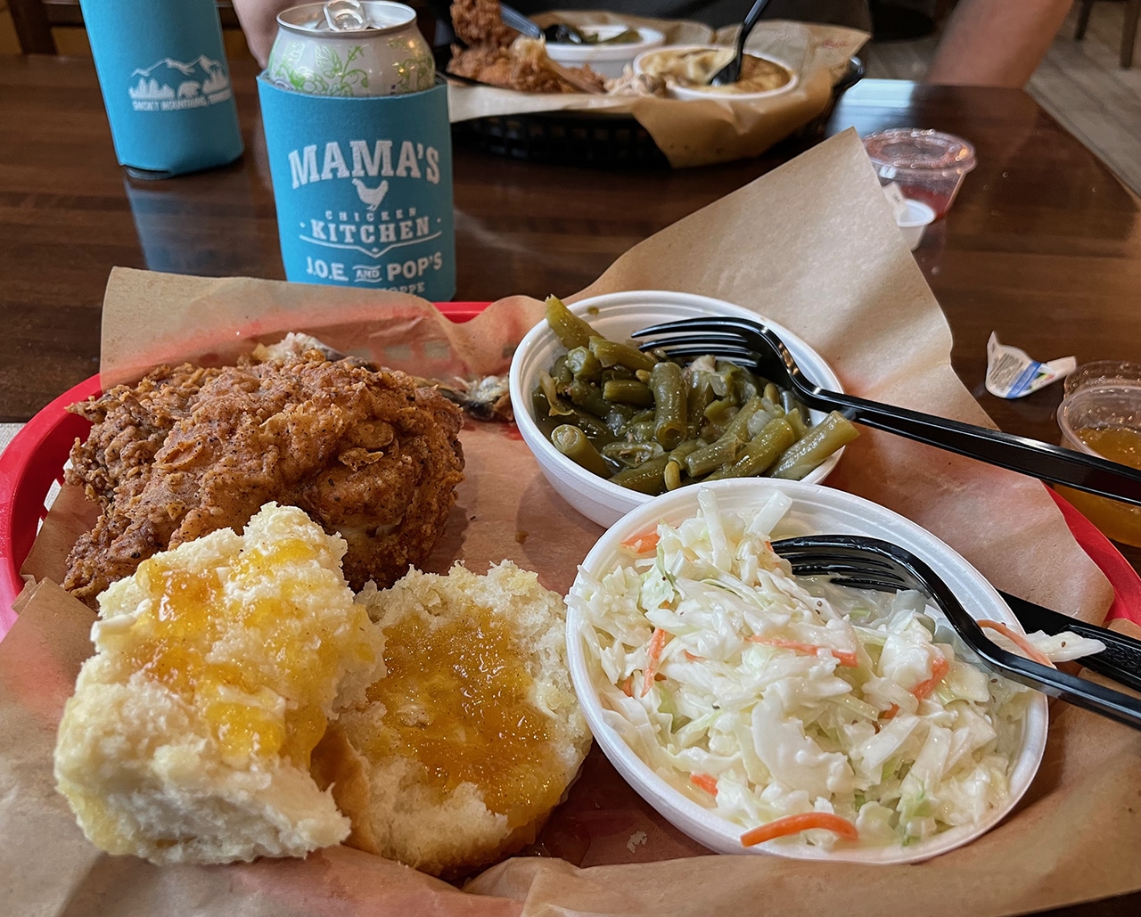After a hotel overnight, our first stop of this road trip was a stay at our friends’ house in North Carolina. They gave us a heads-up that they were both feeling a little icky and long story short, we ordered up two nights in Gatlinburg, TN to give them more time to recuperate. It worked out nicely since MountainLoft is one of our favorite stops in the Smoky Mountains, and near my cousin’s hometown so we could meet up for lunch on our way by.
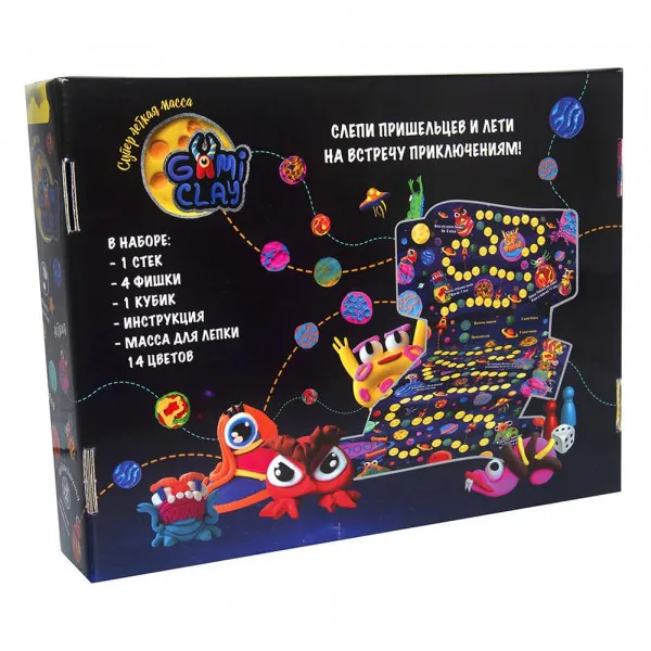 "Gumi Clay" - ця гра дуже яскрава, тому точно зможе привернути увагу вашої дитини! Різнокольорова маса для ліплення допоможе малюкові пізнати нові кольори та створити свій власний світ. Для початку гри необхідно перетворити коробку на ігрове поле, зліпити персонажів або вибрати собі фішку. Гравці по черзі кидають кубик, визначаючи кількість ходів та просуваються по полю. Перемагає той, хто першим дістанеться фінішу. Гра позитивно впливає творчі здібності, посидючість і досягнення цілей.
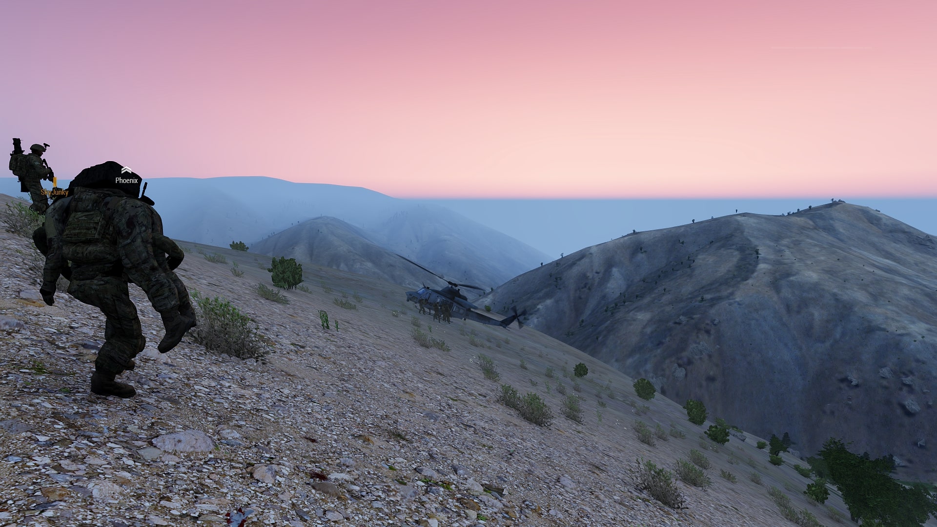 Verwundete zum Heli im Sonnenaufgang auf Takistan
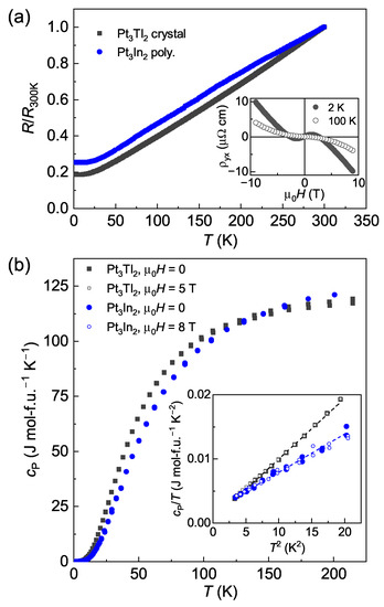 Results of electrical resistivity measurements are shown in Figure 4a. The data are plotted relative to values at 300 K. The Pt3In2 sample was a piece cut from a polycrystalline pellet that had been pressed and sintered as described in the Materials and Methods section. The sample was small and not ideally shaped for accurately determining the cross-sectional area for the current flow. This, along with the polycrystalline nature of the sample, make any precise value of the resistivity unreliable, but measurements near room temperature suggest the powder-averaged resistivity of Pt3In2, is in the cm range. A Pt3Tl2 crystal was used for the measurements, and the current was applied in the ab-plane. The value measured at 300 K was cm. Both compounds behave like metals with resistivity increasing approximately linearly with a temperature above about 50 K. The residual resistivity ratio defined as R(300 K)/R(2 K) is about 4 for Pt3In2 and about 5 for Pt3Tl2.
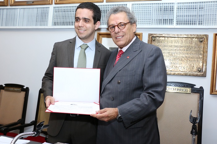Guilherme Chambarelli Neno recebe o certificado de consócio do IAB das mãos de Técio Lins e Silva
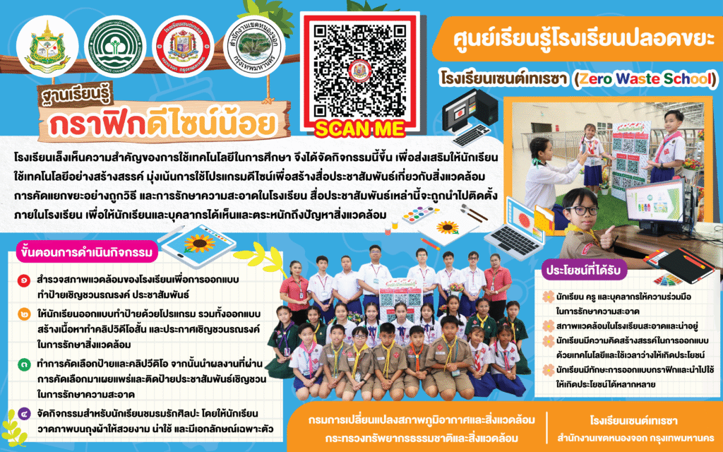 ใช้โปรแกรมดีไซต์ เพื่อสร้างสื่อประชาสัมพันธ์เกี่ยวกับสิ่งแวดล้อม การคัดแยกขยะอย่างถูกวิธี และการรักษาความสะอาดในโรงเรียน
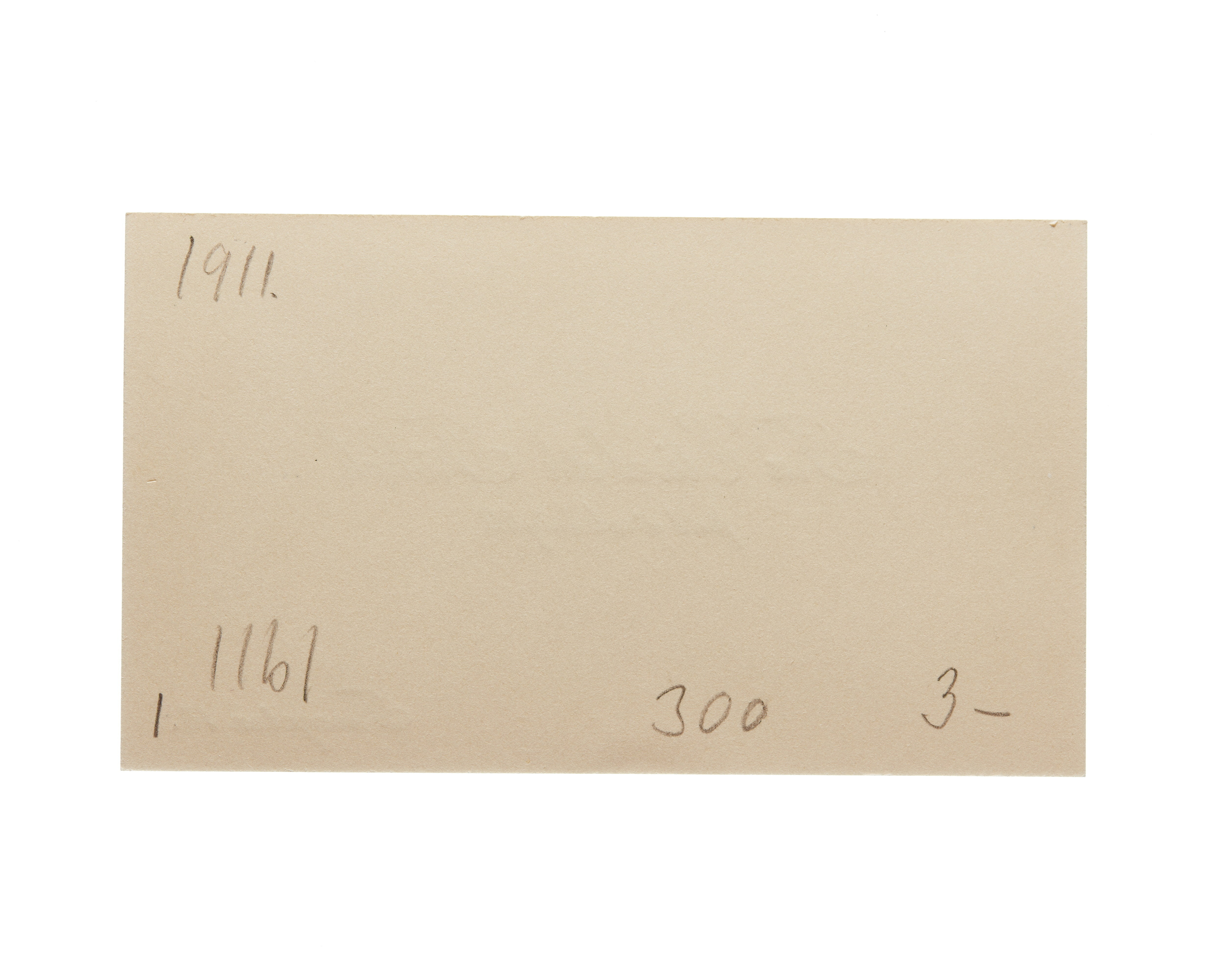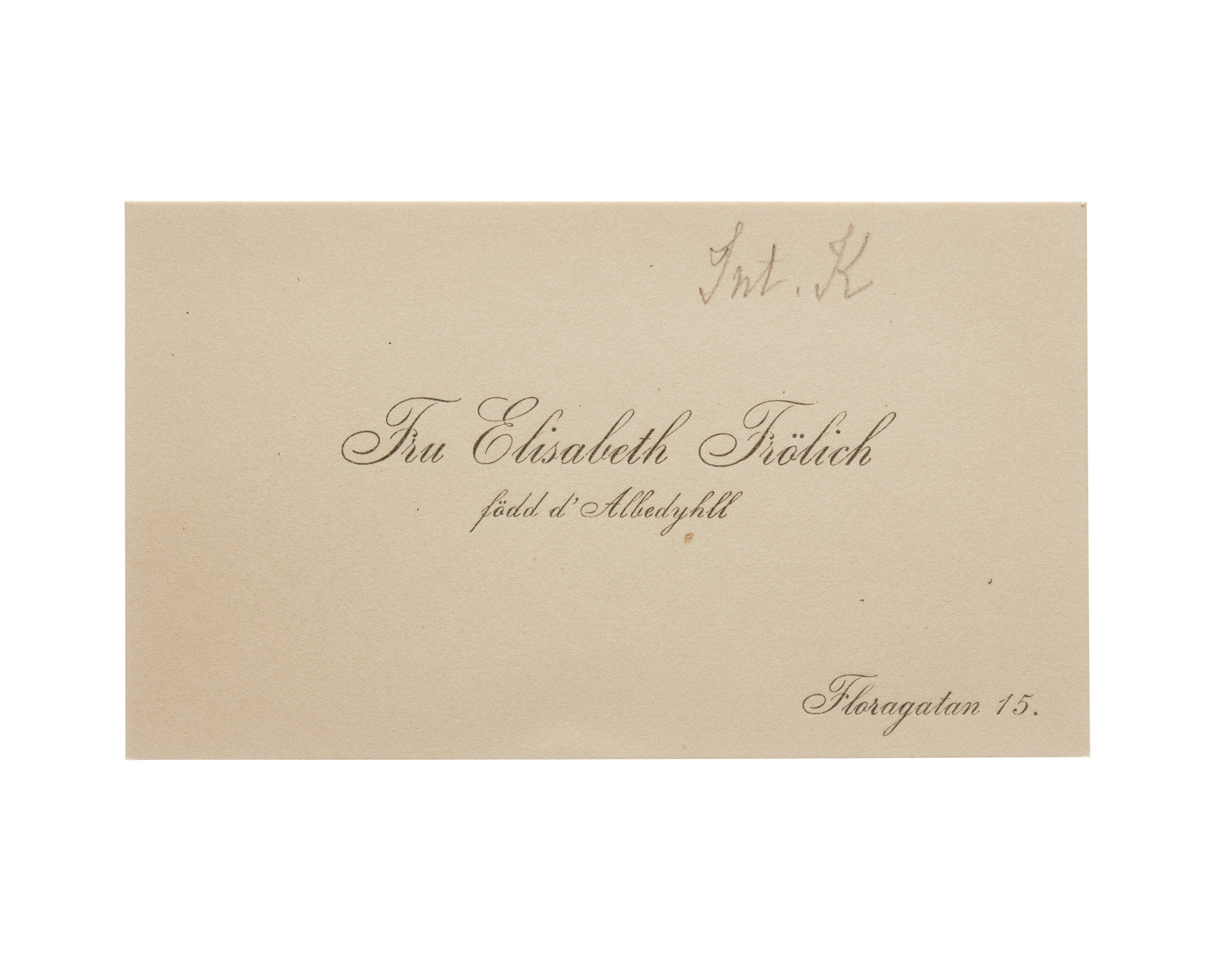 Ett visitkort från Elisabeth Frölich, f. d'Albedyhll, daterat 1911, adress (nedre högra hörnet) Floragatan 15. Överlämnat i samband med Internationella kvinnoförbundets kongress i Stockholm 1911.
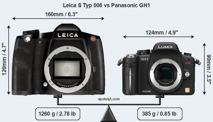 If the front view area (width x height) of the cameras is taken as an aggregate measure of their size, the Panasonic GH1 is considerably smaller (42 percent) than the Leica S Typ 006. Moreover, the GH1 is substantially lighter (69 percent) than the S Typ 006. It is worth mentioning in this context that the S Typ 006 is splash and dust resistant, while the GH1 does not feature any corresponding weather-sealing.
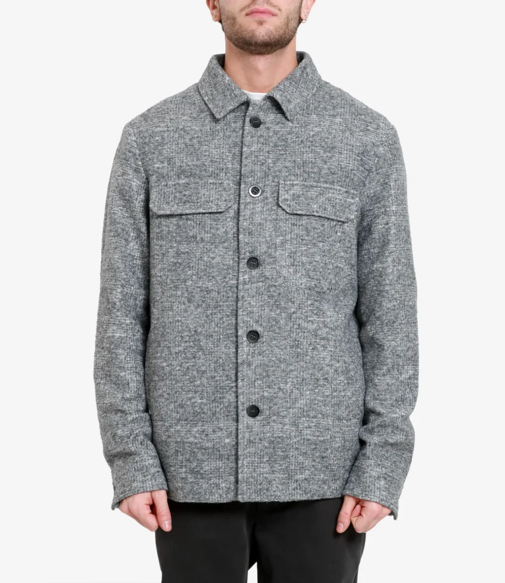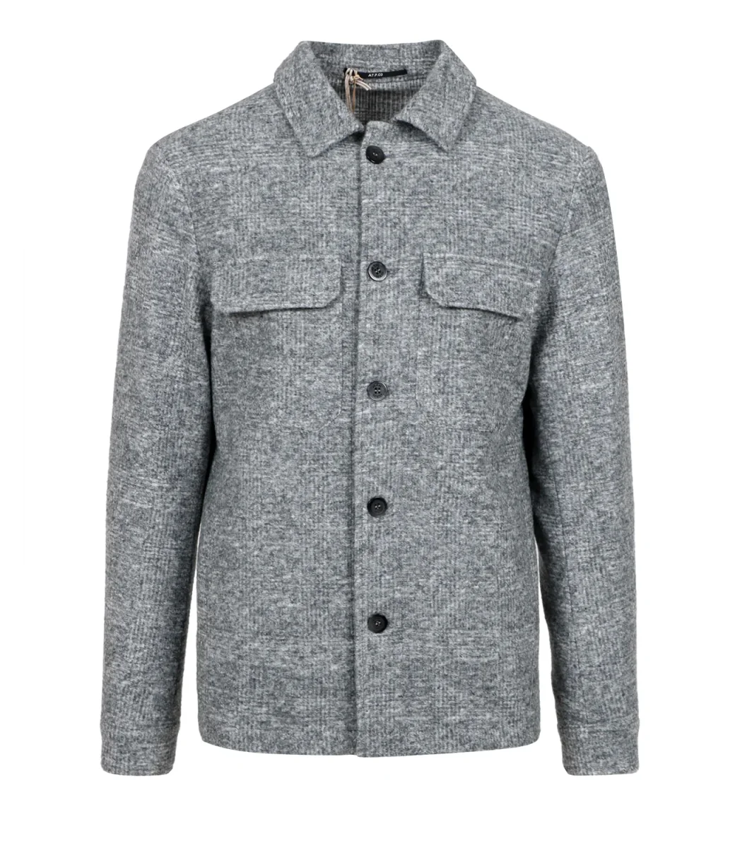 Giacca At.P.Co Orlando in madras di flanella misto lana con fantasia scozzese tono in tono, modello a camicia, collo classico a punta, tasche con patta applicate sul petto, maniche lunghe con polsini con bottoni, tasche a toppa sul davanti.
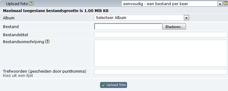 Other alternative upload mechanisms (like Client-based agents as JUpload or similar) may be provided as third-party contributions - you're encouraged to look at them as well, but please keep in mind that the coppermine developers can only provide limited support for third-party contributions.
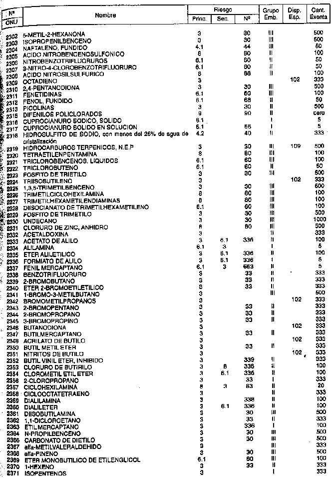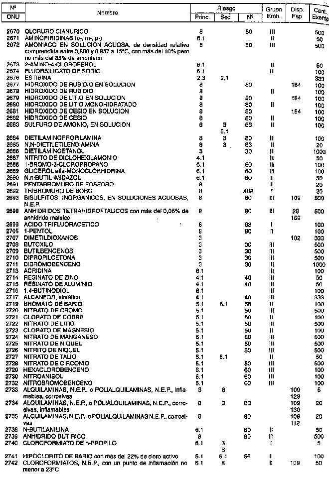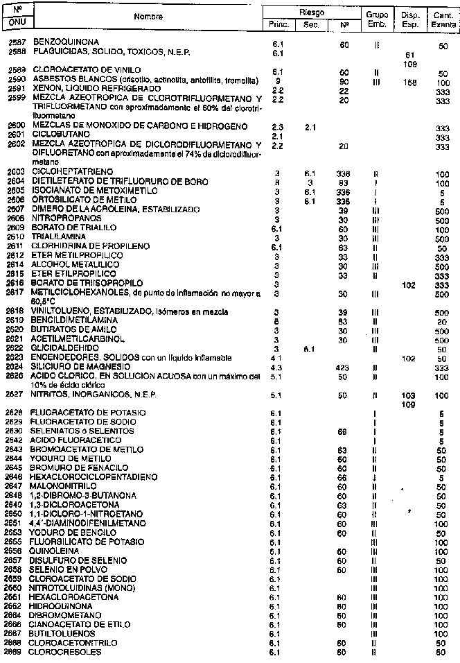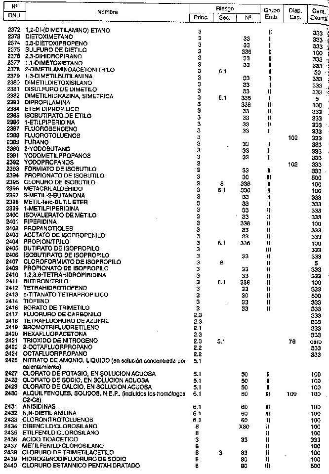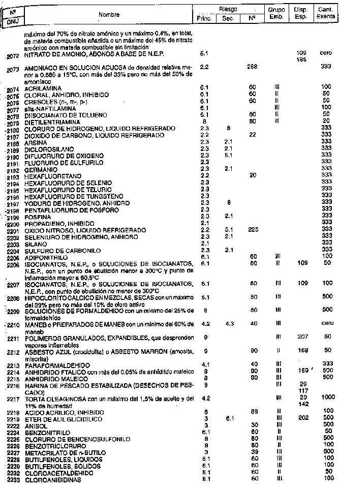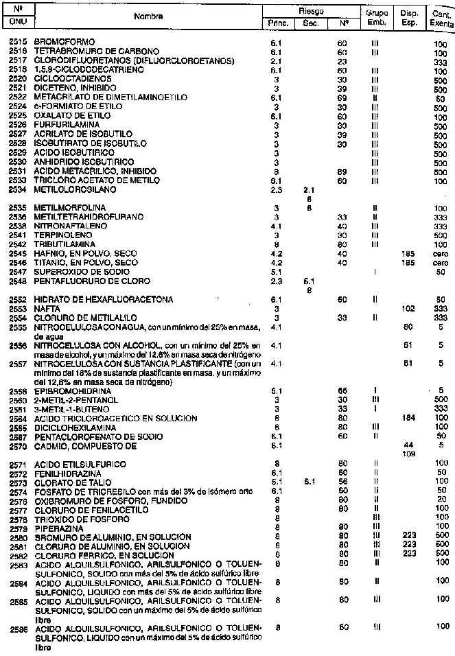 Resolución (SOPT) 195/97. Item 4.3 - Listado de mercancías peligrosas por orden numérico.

## [WORK TO COMPLETE]
From the data above, write out everything exactly except the pictures.

## [RESULT FOR THIS EXERCISE]
After a hotel overnight, our first stop of this road trip was a stay at our friends’ house in North Carolina. They gave us a heads-up that they were both feeling a little icky and long story short, we ordered up two nights in Gatlinburg, TN to give them more time to recuperate. It worked out nicely since MountainLoft is one of our favorite stops in the Smoky Mountains, and near my cousin’s hometown so we could meet up for lunch on our way by.
 "Gumi Clay" - ця гра дуже яскрава, тому точно зможе привернути увагу вашої дитини! Різнокольорова маса для ліплення допоможе малюкові пізнати нові кольори та створити свій власний світ. Для початку гри необхідно перетворити коробку на ігрове поле, зліпити персонажів або вибрати собі фішку. Гравці по черзі кидають кубик, визначаючи кількість ходів та просуваються по полю. Перемагає той, хто першим дістанеться фінішу. Гра позитивно впливає творчі здібності, посидючість і досягнення цілей.
 Verwundete zum Heli im Sonnenaufgang auf Takistan
 Results of electrical resistivity measurements are shown in Figure 4a. The data are plotted relative to values at 300 K. The Pt3In2 sample was a piece cut from a polycrystalline pellet that had been pressed and sintered as described in the Materials and Methods section. The sample was small and not ideally shaped for accurately determining the cross-sectional area for the current flow. This, along with the polycrystalline nature of the sample, make any precise value of the resistivity unreliable, but measurements near room temperature suggest the powder-averaged resistivity of Pt3In2, is in the cm range. A Pt3Tl2 crystal was used for the measurements, and the current was applied in the ab-plane. The value measured at 300 K was cm. Both compounds behave like metals with resistivity increasing approximately linearly with a temperature above about 50 K. The residual resistivity ratio defined as R(300 K)/R(2 K) is about 4 for Pt3In2 and about 5 for Pt3Tl2.
Guilherme Chambarelli Neno recebe o certificado de consócio do IAB das mãos de Técio Lins e Silva
 ใช้โปรแกรมดีไซต์ เพื่อสร้างสื่อประชาสัมพันธ์เกี่ยวกับสิ่งแวดล้อม การคัดแยกขยะอย่างถูกวิธี และการรักษาความสะอาดในโรงเรียน
 Ett visitkort från Elisabeth Frölich, f. d'Albedyhll, daterat 1911, adress (nedre högra hörnet) Floragatan 15. Överlämnat i samband med Internationella kvinnoförbundets kongress i Stockholm 1911.
 If the front view area (width x height) of the cameras is taken as an aggregate measure of their size, the Panasonic GH1 is considerably smaller (42 percent) than the Leica S Typ 006. Moreover, the GH1 is substantially lighter (69 percent) than the S Typ 006. It is worth mentioning in this context that the S Typ 006 is splash and dust resistant, while the GH1 does not feature any corresponding weather-sealing.
 Giacca At.P.Co Orlando in madras di flanella misto lana con fantasia scozzese tono in tono, modello a camicia, collo classico a punta, tasche con patta applicate sul petto, maniche lunghe con polsini con bottoni, tasche a toppa sul davanti.
 Other alternative upload mechanisms (like Client-based agents as JUpload or similar) may be provided as third-party contributions - you're encouraged to look at them as well, but please keep in mind that the coppermine developers can only provide limited support for third-party contributions.
 Resolución (SOPT) 195/97. Item 4.3 - Listado de mercancías peligrosas por orden numérico.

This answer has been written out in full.